• [Your task] Below are records; reproduce exactly the lines from the one that has "PCや書類ファイルを持ってひらめいているビジネスパーソンの全身イラストセット" through the one that has "Nature, une gamme", ends included, and nothing more.

• [Provided data]
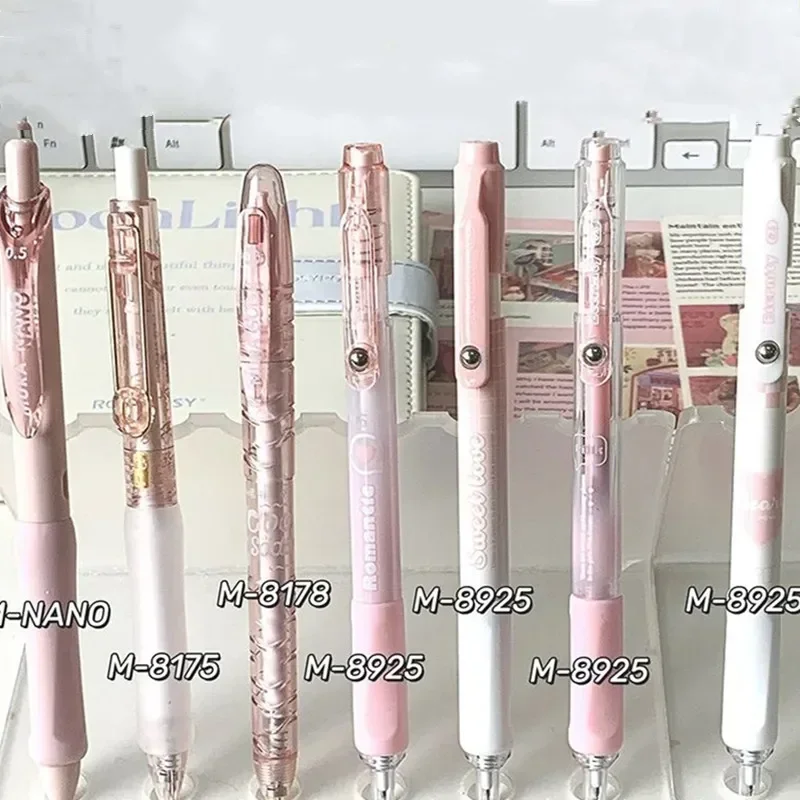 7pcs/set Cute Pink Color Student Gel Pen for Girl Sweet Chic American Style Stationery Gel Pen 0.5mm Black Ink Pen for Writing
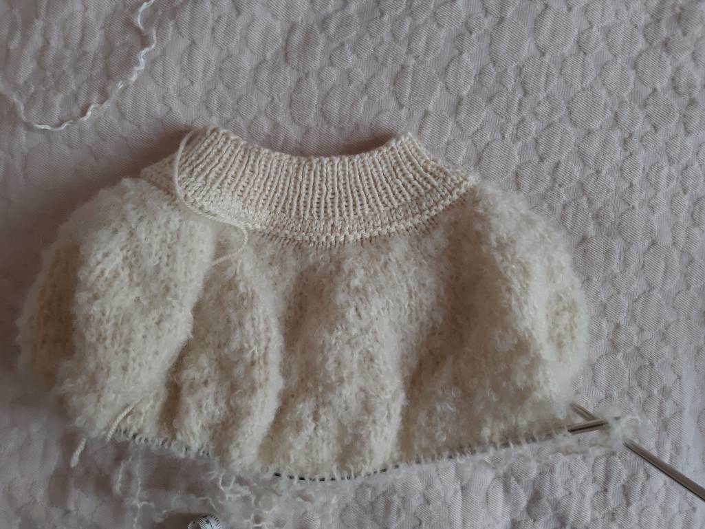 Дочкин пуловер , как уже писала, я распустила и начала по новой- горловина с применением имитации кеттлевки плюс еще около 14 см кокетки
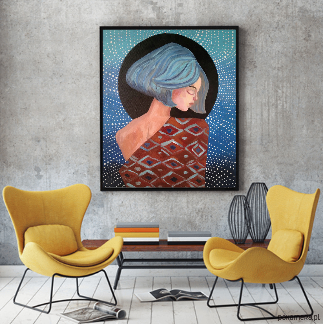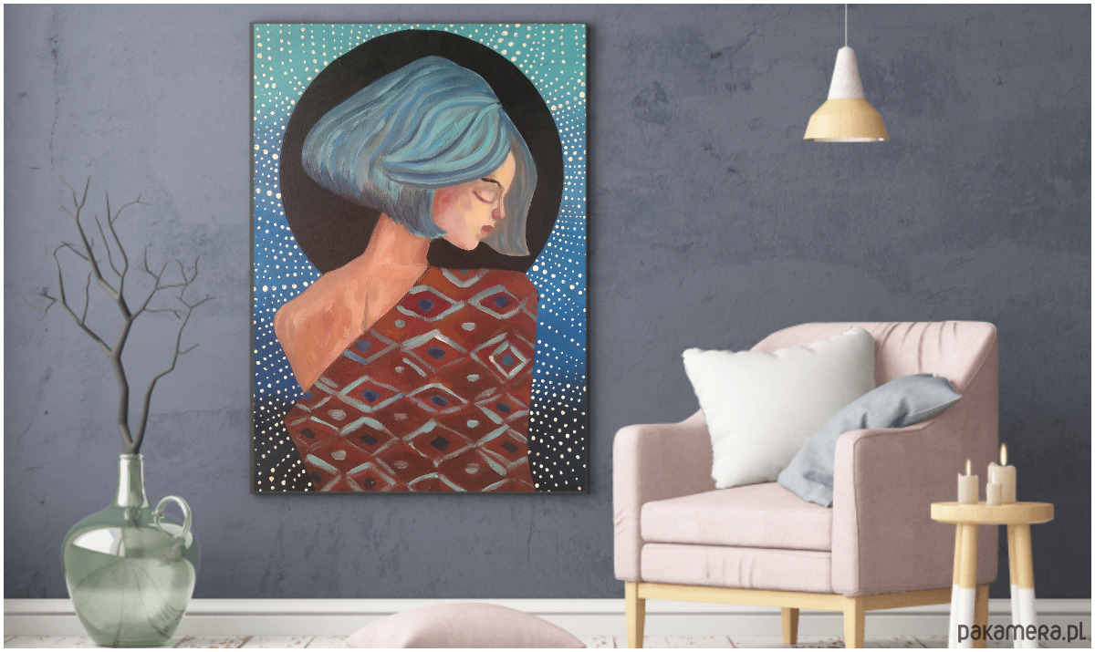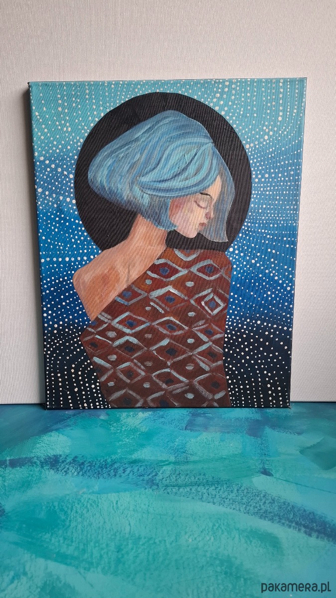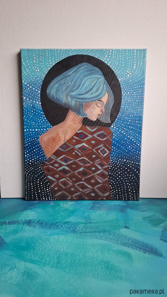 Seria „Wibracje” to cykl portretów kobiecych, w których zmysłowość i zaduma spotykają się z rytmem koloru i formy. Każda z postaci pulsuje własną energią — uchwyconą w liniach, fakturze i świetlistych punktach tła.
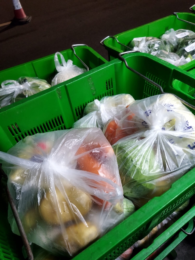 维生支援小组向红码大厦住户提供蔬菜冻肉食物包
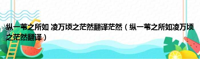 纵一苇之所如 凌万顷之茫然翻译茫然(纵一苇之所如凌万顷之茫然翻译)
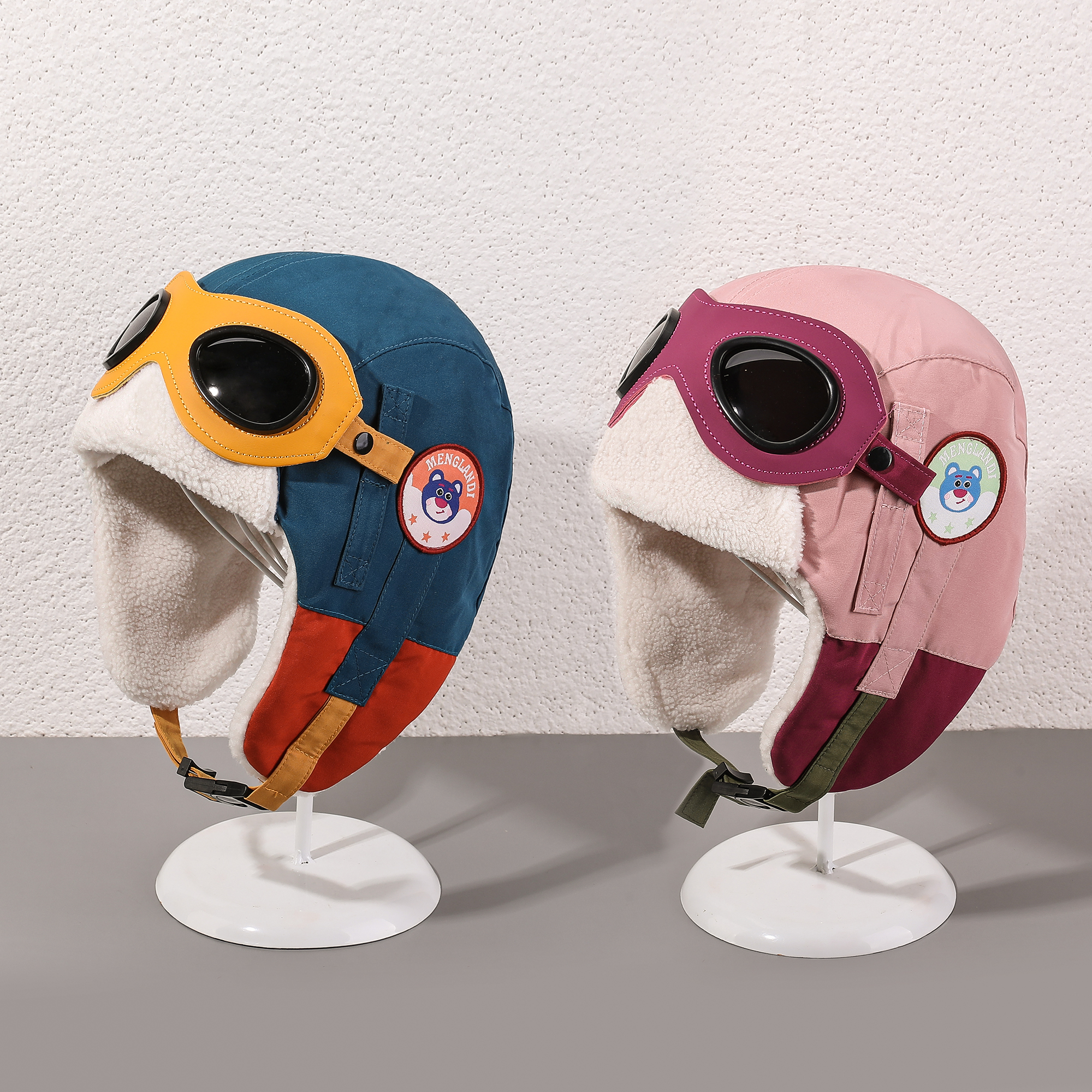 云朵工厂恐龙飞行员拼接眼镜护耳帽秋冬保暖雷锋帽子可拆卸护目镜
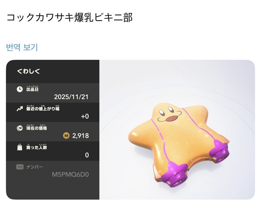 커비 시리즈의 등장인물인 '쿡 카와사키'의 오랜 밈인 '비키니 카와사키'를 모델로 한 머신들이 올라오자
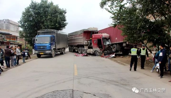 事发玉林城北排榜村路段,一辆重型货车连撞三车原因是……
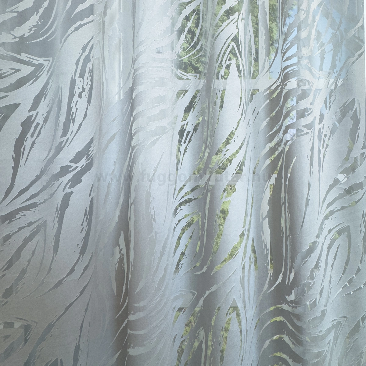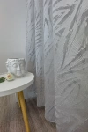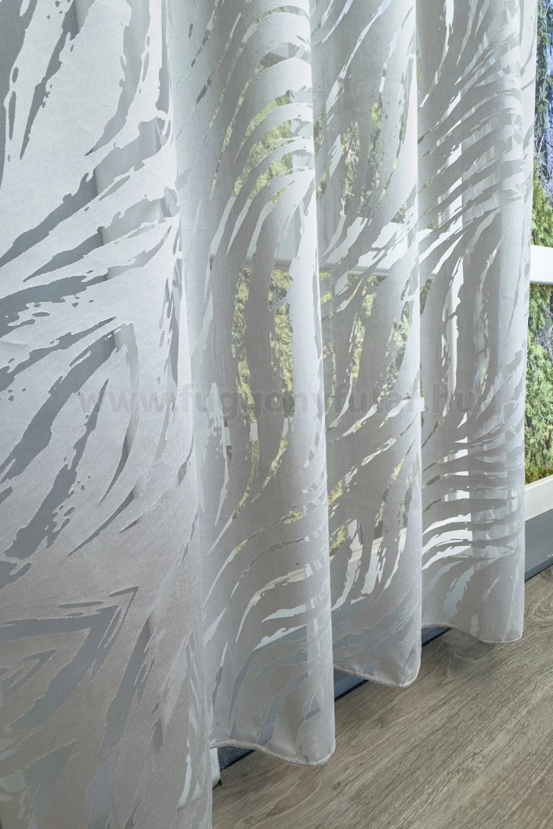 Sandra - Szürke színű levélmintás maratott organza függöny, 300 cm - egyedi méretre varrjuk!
--
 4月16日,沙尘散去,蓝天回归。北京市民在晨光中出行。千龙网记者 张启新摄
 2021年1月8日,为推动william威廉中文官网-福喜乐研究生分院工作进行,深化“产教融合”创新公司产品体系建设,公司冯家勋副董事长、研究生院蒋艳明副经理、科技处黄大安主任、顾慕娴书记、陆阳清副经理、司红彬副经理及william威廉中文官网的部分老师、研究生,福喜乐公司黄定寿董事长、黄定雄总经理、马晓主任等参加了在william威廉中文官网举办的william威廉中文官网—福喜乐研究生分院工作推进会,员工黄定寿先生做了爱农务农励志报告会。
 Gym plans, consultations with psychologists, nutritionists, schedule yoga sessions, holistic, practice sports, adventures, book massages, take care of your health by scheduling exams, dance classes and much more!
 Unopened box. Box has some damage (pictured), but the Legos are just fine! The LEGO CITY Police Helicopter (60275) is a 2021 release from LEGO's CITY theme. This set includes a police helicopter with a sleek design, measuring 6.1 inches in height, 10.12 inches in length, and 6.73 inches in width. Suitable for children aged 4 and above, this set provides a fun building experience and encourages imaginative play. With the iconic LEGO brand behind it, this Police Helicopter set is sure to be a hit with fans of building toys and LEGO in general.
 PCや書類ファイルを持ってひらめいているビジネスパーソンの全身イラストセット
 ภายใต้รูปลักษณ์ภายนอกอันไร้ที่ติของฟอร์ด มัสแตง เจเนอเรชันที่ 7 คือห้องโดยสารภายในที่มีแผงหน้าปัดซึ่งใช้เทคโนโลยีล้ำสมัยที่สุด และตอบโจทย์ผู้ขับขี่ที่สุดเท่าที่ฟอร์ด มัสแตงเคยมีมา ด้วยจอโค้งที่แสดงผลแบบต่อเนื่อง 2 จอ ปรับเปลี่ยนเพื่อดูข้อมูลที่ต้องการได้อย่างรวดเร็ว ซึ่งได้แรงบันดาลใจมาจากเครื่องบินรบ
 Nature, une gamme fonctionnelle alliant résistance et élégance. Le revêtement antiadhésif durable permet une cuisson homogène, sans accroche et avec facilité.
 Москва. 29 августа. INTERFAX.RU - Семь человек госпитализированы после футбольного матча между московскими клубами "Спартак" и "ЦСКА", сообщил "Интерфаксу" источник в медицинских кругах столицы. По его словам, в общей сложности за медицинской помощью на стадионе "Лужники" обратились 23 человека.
---
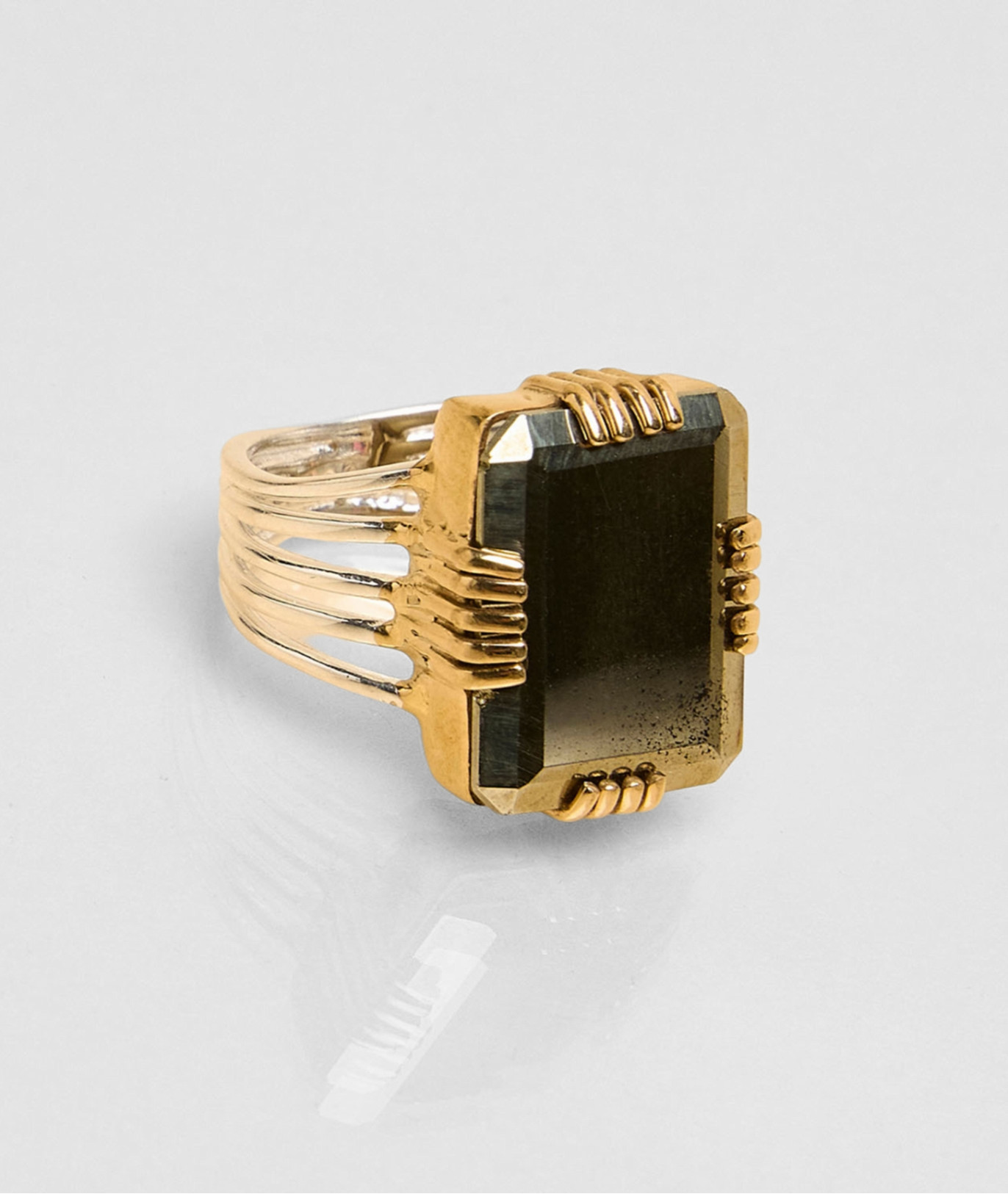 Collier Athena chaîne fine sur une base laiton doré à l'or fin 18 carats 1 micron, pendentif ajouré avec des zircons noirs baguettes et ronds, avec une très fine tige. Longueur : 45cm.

• [Result of this exercise]
 PCや書類ファイルを持ってひらめいているビジネスパーソンの全身イラストセット
 ภายใต้รูปลักษณ์ภายนอกอันไร้ที่ติของฟอร์ด มัสแตง เจเนอเรชันที่ 7 คือห้องโดยสารภายในที่มีแผงหน้าปัดซึ่งใช้เทคโนโลยีล้ำสมัยที่สุด และตอบโจทย์ผู้ขับขี่ที่สุดเท่าที่ฟอร์ด มัสแตงเคยมีมา ด้วยจอโค้งที่แสดงผลแบบต่อเนื่อง 2 จอ ปรับเปลี่ยนเพื่อดูข้อมูลที่ต้องการได้อย่างรวดเร็ว ซึ่งได้แรงบันดาลใจมาจากเครื่องบินรบ
 Nature, une gamme fonctionnelle alliant résistance et élégance. Le revêtement antiadhésif durable permet une cuisson homogène, sans accroche et avec facilité.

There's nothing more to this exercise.